● **Information shown**:
○ ○ ○ ○ ○

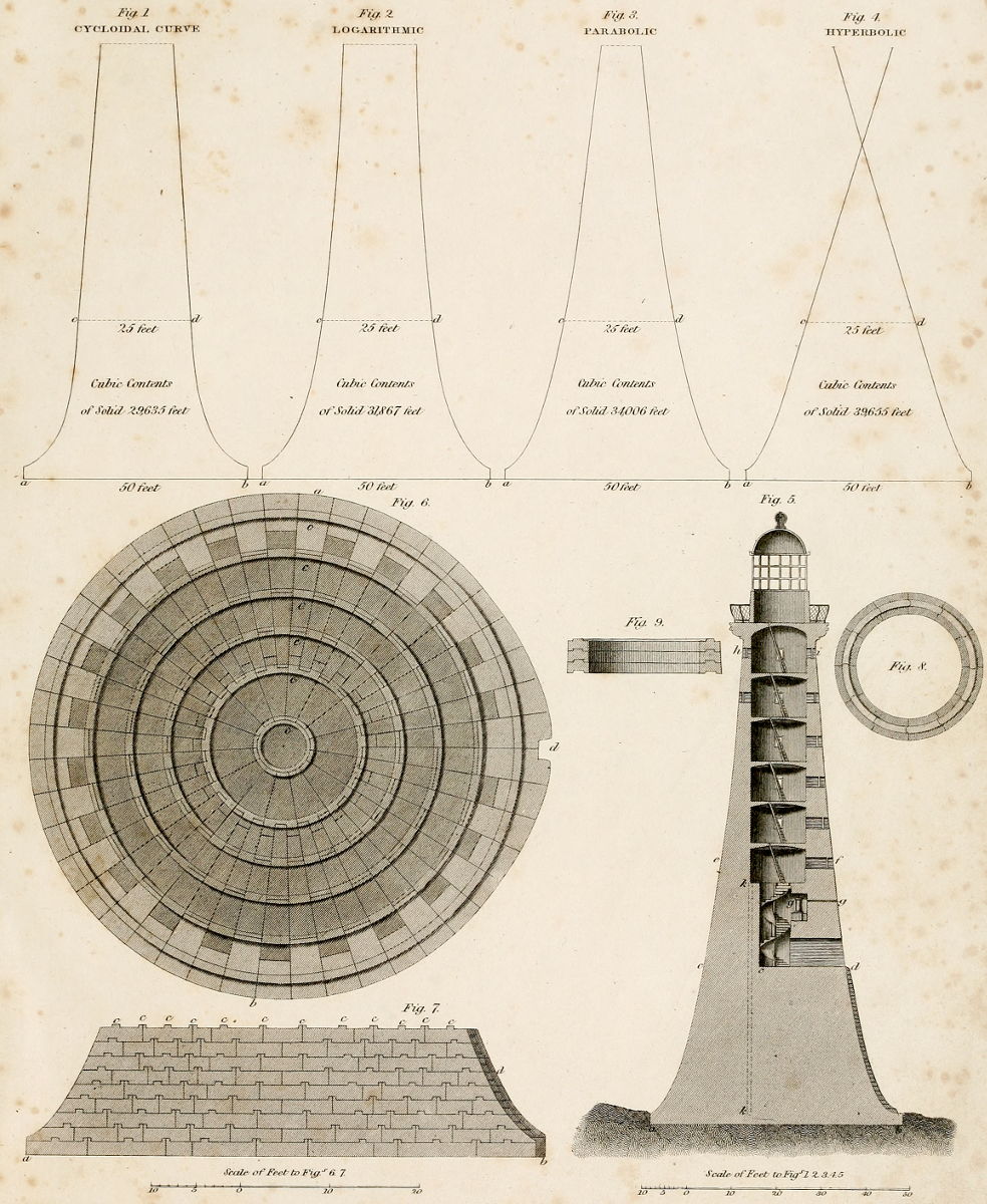 With the construction and dimensions, therefore, of the Light-houses above alluded to in view, the design delineated in this Plate is given, as the result of the writer’s knowledge and experience on subjects of this kind. Without, however, entering into particulars as to the mode in which such an operation should be conducted, he merely notices, in reference to the various curves delineated in Figs. 1, 2, 3, and 4. as applicable to Light-houses upon sunken rocks, that he prefers the curve of the diagram represented in Fig. 3., as the outline of a building for a situation like the Wolf Rock.
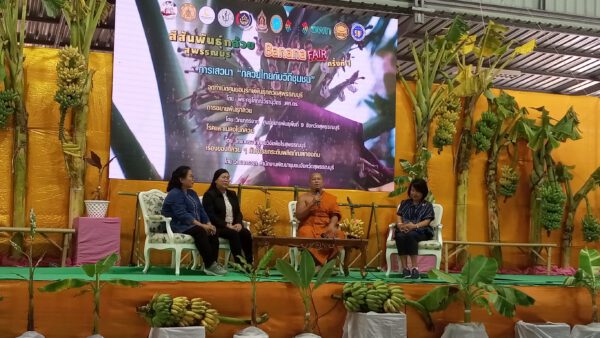 ที่ศูนย์อนุรักษ์พันธุ์กล้วยสุพรรณบุรี หลังวัดป่าเลไลยก์วรวิหาร อ.เมือง จ.สุพรรณบุรี ได้จัดเวทีเสวนา กล้วยไทยกับวิถีชุมชน ในงานสีสันพันธุ์กล้วย บานาน่าแฟร์ ครั้งที่1 วันที่26ธ.ค.66-2 ม.ค.67 ซึ่งได้รับเกียรติวิทยากรบรรยายโดย พระครูโสภณวีรานุวัตร ผศ.ดร.ประธานฝ่ายสงฆ์ ศูนย์อนุรักษ์พันธุ์กล้วยสุพรรณบุรี ในเรื่องของจุดกำเนิดศูนย์อนุรักษ์พันธุ์กล้วยสุพรรณบุรี การขยายพันธุ์กล้วย โดย น.ส.คณิษฐา ลิลา นักวิชาการส่งเสริมการเกษตรชำนาญการ ศูนย์ขยายพันธุ์พืชที่9 สุพรรณบุรี โรคและแมลงในกล้วย โดย น.ส.ภัควรินทร์ พัฒนมณีศักดิ์ นักวิชาการส่งเสริมการเกษตรชำนาญการ ศูนย์ส่งเสริมเทคโนโลยีการเกษตรด้านอารักขาพืช สุพรรณบุรีและเรื่องของกล้วยๆกับการยกระดับผลิตภัณฑ์ท้องถิ่น โดยน.ส.ศิริกร นิลกำแหง พัฒนาชุมชนจังหวัดสุพรรณบุรี ซึ่งกล้วยน้ำว้ามีประโยชน์มากมายและผูกพันอยู่คู่กับคนไทย ตั้งแต่เกิดยันตายและสามารถนำไปต่อยอดเพิ่มมูลค่าได้อีกหลายอย่าง ทั้งอาหารและสิ่งทอ หรือเกษตรกรสามารถนำไปผลิตภาคอุตสาหกรรมได้ โดยเลือกใช้ต้นพันธุ์กล้วยที่มีขนาดสม่ำเสมอ ซึ่งการปลูกกล้วยมีการลงทุนที่ค่อนข้างต่ำ การดูแลไม่ยุ่งยาก จะต้องมีการบำรุงรักษา ดิน น้ำ ให้เหมาะกับการเจริญเติบโตของกล้วย ในเรื่องของตลาดรับซื้อกล้วย จะมีหลายแนวทาง ทั้งรับประทานผลสดและการแปรรูป จะมีช่องทางหลายๆอย่างที่ทำให้กล้วยไปได้ดี ในส่วนเกษตรกรและผู้ที่สนใจปลูกกล้วย สามารถศึกษาข้อมูลก่อน โดยปรึกษาติดต่อกับหน่วยงานราชการเกษตรและทางโซเชียลเรื่องการปลูกกล้วยได้
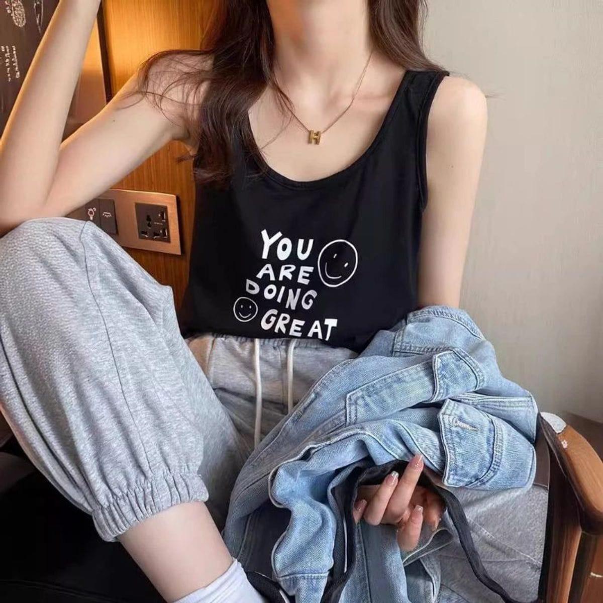 - PHONG CÁCH NĂNG ĐỘNG: Bao gồm 1 áo ba lô in chữ và mặt cười cho khả năng phối đồ vô tận, hoàn hảo cho thời trang nữ, phù hợp độ tuổi 15–30.
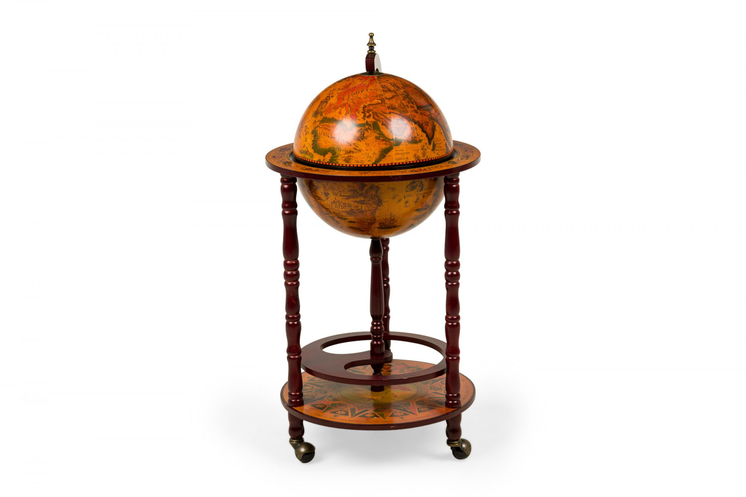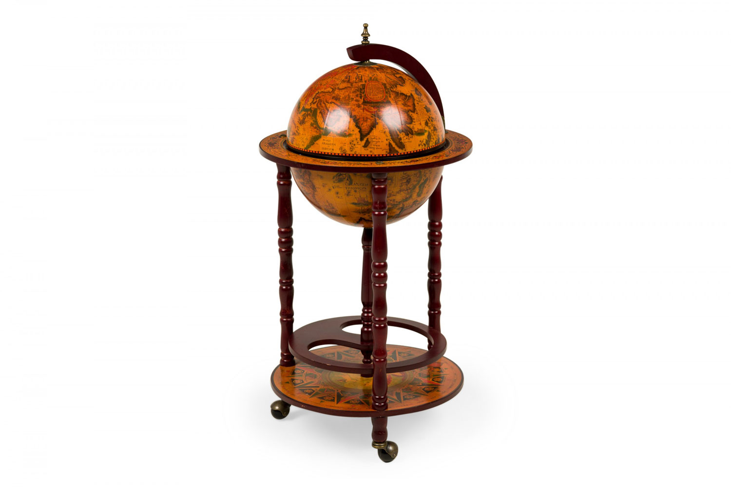 English Regency-style (Mid-Century) novelty bar concealed in a bisected hinged globe head mounted on a round three legged stand on casters..

○ ○ ○ ○ ○

● **Your assignment**: Pictures are to be left out, and each line from the one that contains "- PHONG CÁCH" through the end of the listing is to be copied exactly.

● **Solution**:
 - PHONG CÁCH NĂNG ĐỘNG: Bao gồm 1 áo ba lô in chữ và mặt cười cho khả năng phối đồ vô tận, hoàn hảo cho thời trang nữ, phù hợp độ tuổi 15–30.
 English Regency-style (Mid-Century) novelty bar concealed in a bisected hinged globe head mounted on a round three legged stand on casters..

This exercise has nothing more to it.